Все еще голосом, которым говорят в темноте (рука его запуталась в моих волосах — он не привык и не умел гладить), сказал мне папа, лежа со мной под моим одеялом, под утро тридцатого ноября 1947 года: «Конечно, и тебе не однажды будут досаждать всякие хулиганы, и на улице, и в школе. Возможно, они будут приставать к тебе как раз потому, что ты будешь немного похож на меня. Но отныне, с той минуты, как появится у нас государство, хулиганы никогда не пристанут к тебе, потому что ты — еврей, а евреи — они такие и сякие. Это — нет. Никогда в жизни. С нынешней ночи с этим здесь покончено. Покончено навсегда».
И я протянул свою сонную руку, чтобы коснуться его лица, чуть пониже его высокого лба, и вдруг вместо очков мои пальцы коснулись слез. Никогда за всю свою жизнь, ни до этой ночи, ни после нее, даже когда умерла моя мама, я не видел отца плачущим.
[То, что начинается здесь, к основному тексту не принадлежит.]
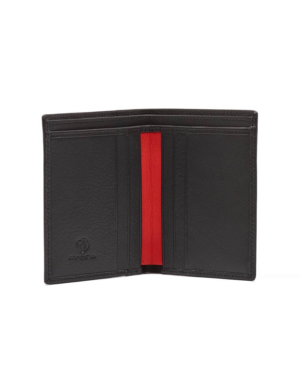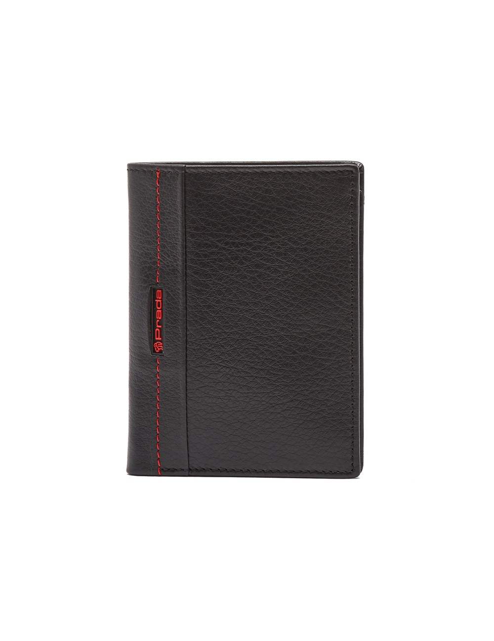 Cartera vertical median delgada en acabado piel graneada. Detalle de pespunte en contraste y logo "león Prada" en goma y bajo relieve.
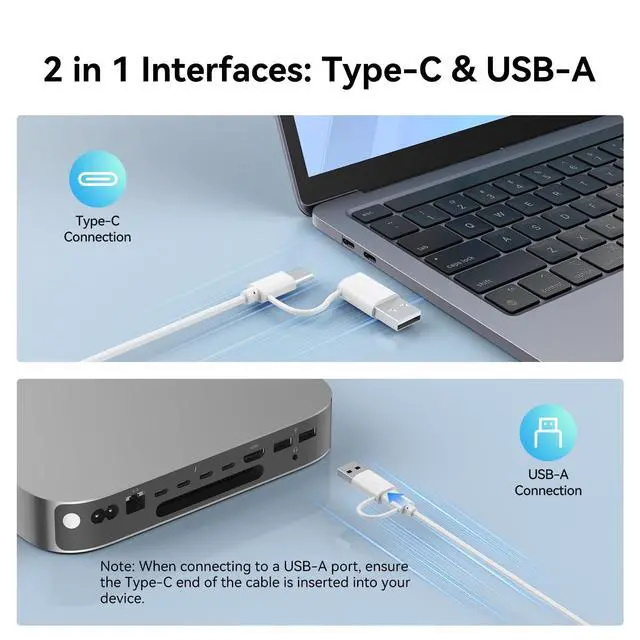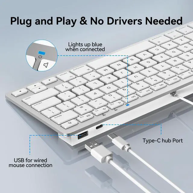 keyboard offers dual convenience: instantly expand your system by connecting a mouse, hub, or other accessories, while simultaneously routing cables through a single point for a noticeably cleaner desktop setup ^^ Plug & Play 2-in-1 InterfaceEnjoy instant, rock-solid connectivityno more Bluetooth dropouts or hunting for spare USB ports. Featuring both USB-C and USB-A ports, this slim keyboard seamlessly adapts to the minimalist design of modern MacBooks while remaining fully compatible with traditional devices. When using USB-A interface, the Type-C end MUST be inserted into the USB A port ^^ Expand Your ConnectivityEquipped with both USB-A and Type-C ports, your

По сути, и в ту ночь я этого не видел: в комнате было темно. Только левая моя рука видела.

Спустя примерно три часа, в семь утра, пока мы спали, и спала, пожалуй, вся улица, и весь квартал, в Шейх Джерах обстреляли еврейскую карету «скорой помощи», ехавшую из центра Иерусалима в больницу «Хадасса» на горе Скопус. По всей Эрец-Исраэль арабы нападали на еврейские автобусы, убивали и ранили пассажиров, стреляли из легкого стрелкового оружия и из пулеметов по отдаленным кварталам и одиноким населенным пунктам.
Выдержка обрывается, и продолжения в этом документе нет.